It's a classic hardball mantra that has proven especially poignant for the Toronto Blue Jays, the team that was the most difficult to strike out in the regular season and the one that has spent October tormenting opposing pitchers. The Jays have consistently made contact via sizzling line drives and softly hit bloopers and every kind of batted ball in between, racking up runs en route to the doorstep of a World Series title.
But on Friday at Rogers Centre — in the final frame of a devastating 3-1 loss to the Los Angeles Dodgers in World Series Game 6 — the Blue Jays put two tantalizing balls in play, only to be left coldly unrewarded. Had good things happened on Addison Barger's laser beam to the outfield fence or Andrés Giménez's flare into shallow left field, the city of Toronto might very well be planning a parade right now. Instead, Toronto and its fans will prepare for the unrivaled drama of a Game 7 on Saturday.

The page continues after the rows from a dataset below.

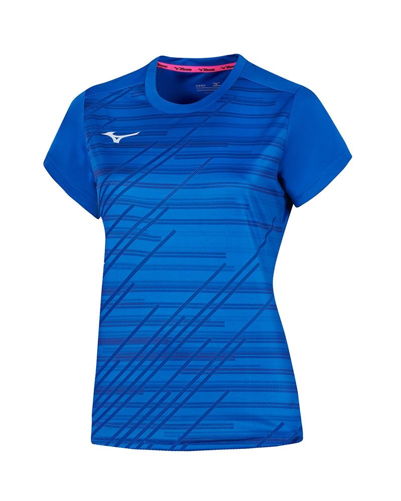 Muoviti con totale libertà e Confort con questa T-shirt Mizuno da donna realizzata in tessuto di poliestere, con design a maniche corte e collo rotondo.
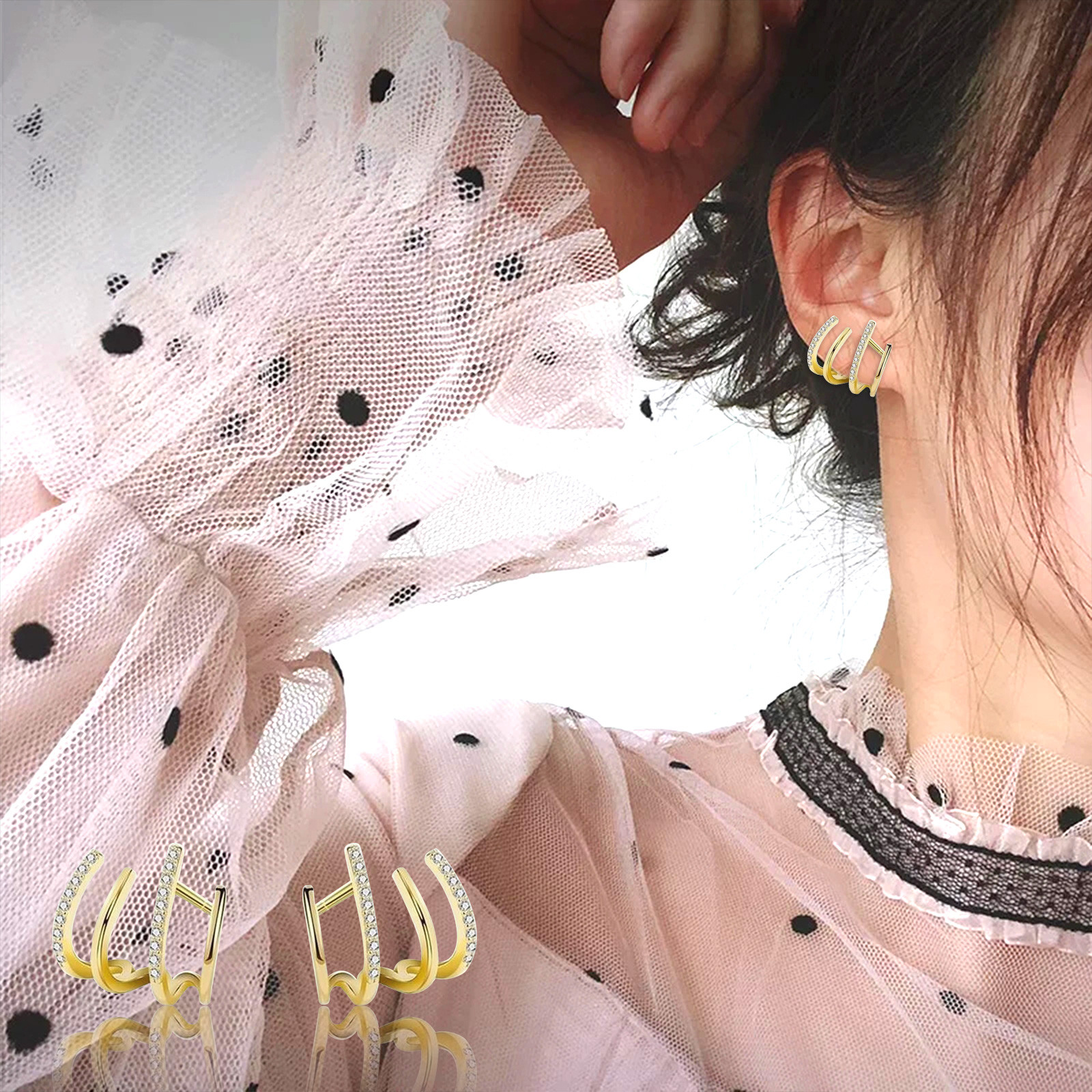 Золотая игла серьги-гвоздики, темпераментные серьги Модные светильник Роскошные модные женские туфли в стиле ретро
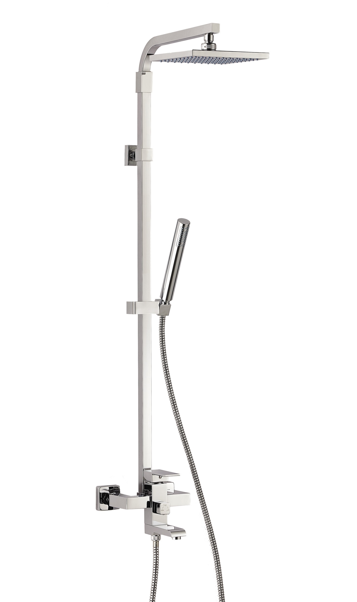 Коллекция Elle&Lui , душевой комплекс Carre *Артикул: 668600 000 00 *Верхний тропический душ D 200х200 мм (ABS) *Ручной душ с гибким шлангом 1.75 м *Механический монокомандный смеситель со встроеным изливом *Душевая штанга (латунь) регулируется по высоте *Пристенный вариант установки
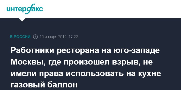Работники ресторана на юго-западе Москвы, где произошел взрыв, не имели права использовать на кухне газовый баллон
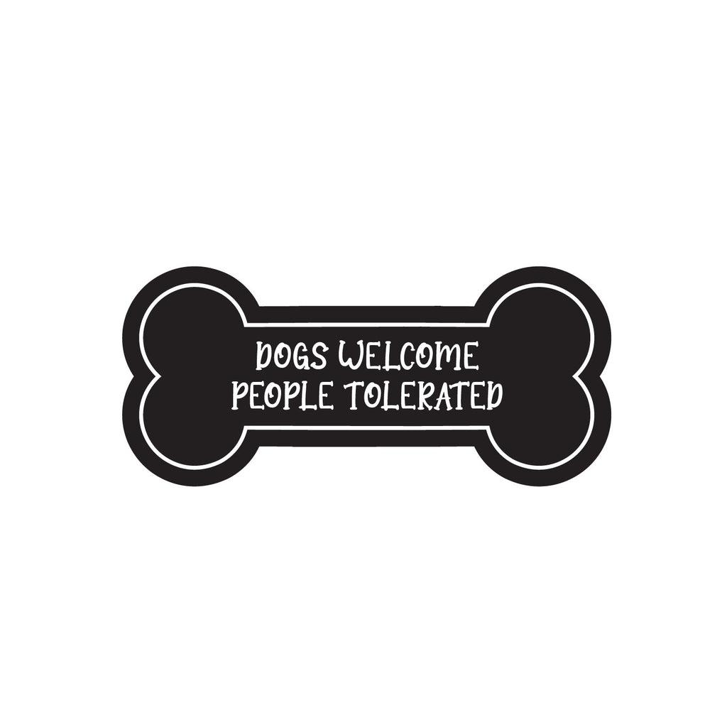 This cute decal quote "Dogs Welcome Humans Tolerated"; is the perfect touch for your home or office. Use it for your laptop; notebook; car or anywhere you want to bring some extra cute decoration. It's a vinyl sticker that is easy to put on any smooth and dry surface. Our modern designs don't just brighten up the room; but brighten up the day. Using top of the line vinyl across all of our production allows us to be the leaders in quality and design.
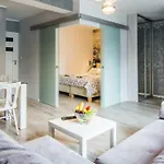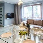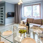 Apartamenty Hotelove Z Sauna Przy Strumieniu lägenhet i Karpacz erbjuder rum med te/kaffebryggare, sitthörna och satellit-TV. Gäster kan använda separat toalett, badkar och dusch.

No major-league team has authored more come-from-behind victories than the Blue Jays in 2025 — 49 in the regular season, plus another five in October — and Toronto appeared to be cooking up another comeback in the bottom of the ninth inning of Game 6. With a two-run lead, Dodgers rookie enigma Roki Sasaki was on the mound for Los Angeles seeking the final three outs after delivering a scoreless eighth inning. After getting leadoff man Alejandro Kirk into a quick 0-2 hole on fastballs at 99 and 98 mph, Sasaki uncorked a wayward splitter that hit Kirk in the left hand, giving him a free trip to first base. Myles Straw pinch-ran for Kirk, and Barger came up as the game-tying run with nobody out.
Barger fouled off two fastballs and watched two splitters that sailed outside, bringing the count to 2-2. Sasaki came again with the heat, and Barger didn't miss it, connecting with the 99-mph offering. The ball jumped off Barger's bat at 105.5 mph and soared toward the left-center-field wall.
What happened next was entirely novel to everyone in the Blue Jays dugout, including those who have called Rogers Centre home for years.
As center fielder Justin Dean turned his back and raced towards the wall, it quickly became clear that the ball was not going to be caught. But rather than soaring into the seats for a home run or ricocheting off the wall for a run-scoring double, an unthinkable third outcome occurred: The ball crash-landed directly into the base of the fence, wedging itself between the ground and the padding that covers the wall.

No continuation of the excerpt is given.